Stevens, 21, who sits with patients awaiting care at a local hospital, took the digital camera home and looked at some of the photos. There was a year's worth of memories on the memory card, including a shot of Aaron and David getting on a Clarkstown school district bus. Stevens zoomed in and saw a New York license plate.

She went to Facebook and posted a few of the photos — of Rob Silverman with the boys, and the one of the boys getting on the bus — on a couple of local free, swap and sell pages.

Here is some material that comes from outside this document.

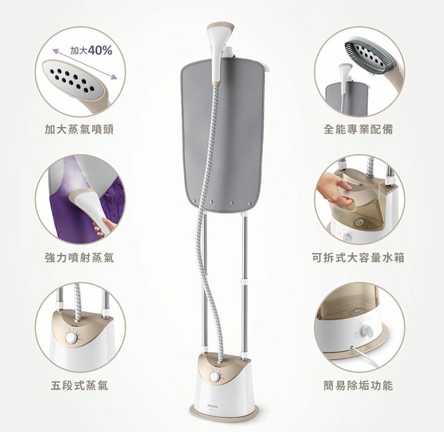 A. 飛利浦直立式5段蒸氣掛燙機 (附掛燙板)-質感霧金色(GC488/60) -2年保固

Her post read: "FOUND: CAMERA Found on the dirt road heading to Reversing Falls in Pembroke, Maine. Looking through the pictures the school bus is from Clarkstown, New York, with all hopes this post will get around and someone will recognize the family in the pictures and can help me find the owner so I can get their camera back to them, looks like a lot of cherished family photos from vacations and I want them to have them back!"

Pretty soon, everyone was sharing it.

"It was bouncing from Florida to Connecticut and everywhere," Stevens said. Before long, she found the Clarkstown community page.

Within five minutes of posting it there, someone recognized the Silvermans, including a former colleague of Rob's.

"Paul Hannon was a former co-worker I hadn't spoken with in many years," Silverman said. "I was pleasantly surprised just to hear his voice and doubly surprised by the news he had for me. He was the first to get to me."

Yelena Silverman heard from several parents, people in the Clarkstown transportation office, the ladies in the main office at the kids' elementary school, all saying they thought someone in Maine had her camera. By 4 p.m. Monday, she had reached Stevens.

It didn't occur to Stevens not to try to unravel the mystery of the camera's owner.

"The way I look at it, if this happened to me I'd want someone to do the same," she said. "The pictures in it are something they would want back. They deserve to know there's at least one person who's honest and going all out to try and find them, even states away."

Yelena Silverman sent Stevens their address in an envelope, in which she enclosed reward money. The camera — and its loaded memory card — is expected in New City by Monday.

"It's an amazing display of the power of the Internet and social media," Rob Silverman said.

Adds his wife: "I guess it's good that we take so long to download our pictures. I was trying to think back to how many photographs and how many memories we had lost."

The Silvermans are already making vacation plans for next summer.

"I feel so lucky to have it be someone like (Amy) who found my camera," Rob Silverman said. "I hope to get back up there next year and meet her and her boyfriend, or for them to come down this way so I can thank her face to face. It's definitely one of the kindest things anyone's ever done for me."

"I told her we have to get together and take her out on the town," Yelena Silverman said. "It's kind of nice that somebody out there cares enough to go through all that trouble and find us. I guess that's why we love Maine so much."